Tratamentos Não-Cirúrgicos da Coluna
Existem diferentes opções no tratamento de síndromes dolorosas da coluna. Dependendo do caso, podem ser utilizadas algumas técnicas não-cirúrgicas na tentativa de alívio da dor e na busca do bem estar do paciente. Dentre estas técnicas, estão os trabalhos de restabelecimento muscular e postural (por exemplo, a hidroterapia ou a fisioterapia) e as técnicas com utilização de medicamentos (por exemplo, a administração oral ou as injeções espinhais).
O que são Injeções Espinhais?
Esse tipo de procedimento alivia as dores através da redução da inflamação local, sendo útil também no diagnóstico das diversas patologias da coluna, permitindo assim um tratamento mais preciso, eficaz e menos invasivo para as dores de coluna.
Anatomia da Coluna
A coluna é constituída por vértebras que articulam entre si para permitir os movimentos da coluna espinhal. Nestes pontos de contato entre as vértebras estão as articulações da coluna. Na articulação entre dois corpos vertebrais está o disco intervertebral, que serve tanto como um amortecedor tanto quanto um mediador do movimento de uma vértebra em relação à outra. Na porção de trás das vértebras estão as articulações facetárias, ou facetas, que também permitem movimentação e ao mesmo tempo dão estabilidade à coluna.
A coluna é responsável por proteger e guiar a medula espinhal e os nervos que nela estão conectados. Os nervos e suas raízes nervosas transmitem sinais de controle muscular e de sensibilidade (como a dor e temperatura) entre o todo o corpo e o cérebro.
Em casos que há instabilidade de movimento das vértebras ou desgaste do disco intervertebral podem ocorrer processos inflamatórios e consequentemente dolorosos, prejudicando o bem estar da pessoa, que pode sentir dificuldades em atividades diárias por sentir dores vindas da coluna.
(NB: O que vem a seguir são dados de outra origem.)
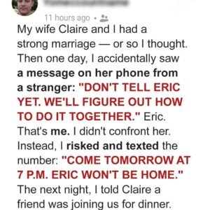 My wife Claire and I had a strong marriage—or so I thought. Then one day, I accidentally saw a message on her phone from a stranger: “DON’T…
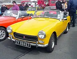 The first version, announced at the end of June 1961,[3] was essentially a slightly more expensive badge-engineered version of the MkII Austin-Healey Sprite deluxe version. The original 'frogeye' Sprite had been introduced specifically to fill the gap in the market left by the end of production of the MG T-type Midget as its replacement; the MGA had been a significantly larger and more expensive car with greater performance. Many existing MG buyers turned to the Sprite to provide a modern low-cost sports car and so a badge-engineered MG version reusing the Midget name made sense. The new Midget differed from the Sprite only in grille design, badging, improved interior trim, better instruments and added external polished trim to justify its higher price.[4]
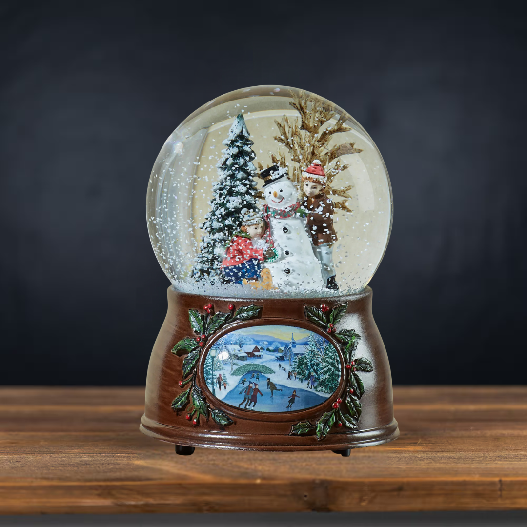 Enjoy the sounds of the holiday season with the Roman Kids Building A Snowman 100mm Musical Glitterdome features two children and their puppy are building a snowman. There is a large pinetree with snow on the branches and a bare branch tree. The elegant wood look base has a decal of people skating on the pond in the snow covered village. This wind up musical plays the tune "We Wish You A Merry Christmas"
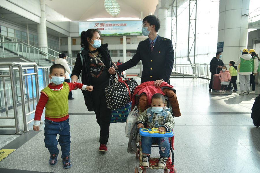 福州站中,两个小男孩在乘务员的指引下踏上归乡之路。江曲摄
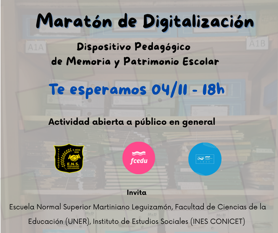El Equipo del Dispositivo Pedagógico de Memoria y Patrimonio Escolar de la Escuela Normal Superior Martiniano Leguizamón, invita a la comunidad a la Maratón de Digitalización del Fondo Documental Institucional, actividad propuesta en articulación con la Facultad de Ciencias de la Educación de la Universidad Nacional de Entre Ríos y el Instituto de Estudios Sociales (INES – CONICET).

Existem também casos em que as dores podem ser geradas diretamente por inflamação ou irritação dos nervos, podendo se estender desde as costas até as pernas.
História Clínica
A história clínica do paciente é extremamente importante para o diagnóstico da dor. A dor aguda normalmente apresenta algumas características:
1. Postural: A dor aumenta ou diminui dependendo da postura ou posição;
2. Mecânica: A dor aumenta quando há sobrecarga na região afetada. Ex. Caminhando, agachando, carregando peso ou simplesmente em pé.
3. Limitado a uma área específica: É possível descrever o local afetado e sua extensão.
Algumas questões precisam ser respondidas para fornecer dados suficientes para o diagnóstico da dor:
Local: Qual o local exato da dor? A dor percorre algum trajeto nas costas, nas pernas?
Descrição: Relativo à quantidade e características da dor. Em um distúrbio músculo-esquelético, as dores são normalmente descritas como: Queimação, formigamento e pontadas.
Duração: Há quanto tempo a dor está presente? Como ela evoluiu? Como ela tem sido tratada?
Aparecimento: Em quais situações a dor aparece? Quais os efeitos que movimentos e posições geram em relação à dor? Qual o período em que a dor é mais freqüente? Durante o dia, à noite, quando sentado, em pé, ao caminhar, etc. O que faz para aliviar a dor? Aquecer o local, resfriar, flexionar, estender, sentar, deitar, caminhar? Como reage quando a dor aparece?
Procedimentos das Injeções Espinhais
As injeções espinhais são processos relativamente simples, que não necessitam de preparativos tão complexos quanto aos preparativos de uma cirurgia. O paciente não é submetido à anestesia geral, não precisa ficar internado e a geralmente a realização do procedimento é de cerca de 30 minutos, quando medicamentos como antiinflamatórios ou anestésicos são injetados nos locais de interesse.
Quando a indicação das injeções é feita com fins de tratamento da dor, o alívio costuma ser imediato. Quando a indicação tem o objetivo de investigar a fonte da dor, o resultado é específico dando base para o médico poder realizar o tratamento mais adequado, garantindo melhores resultados para o paciente.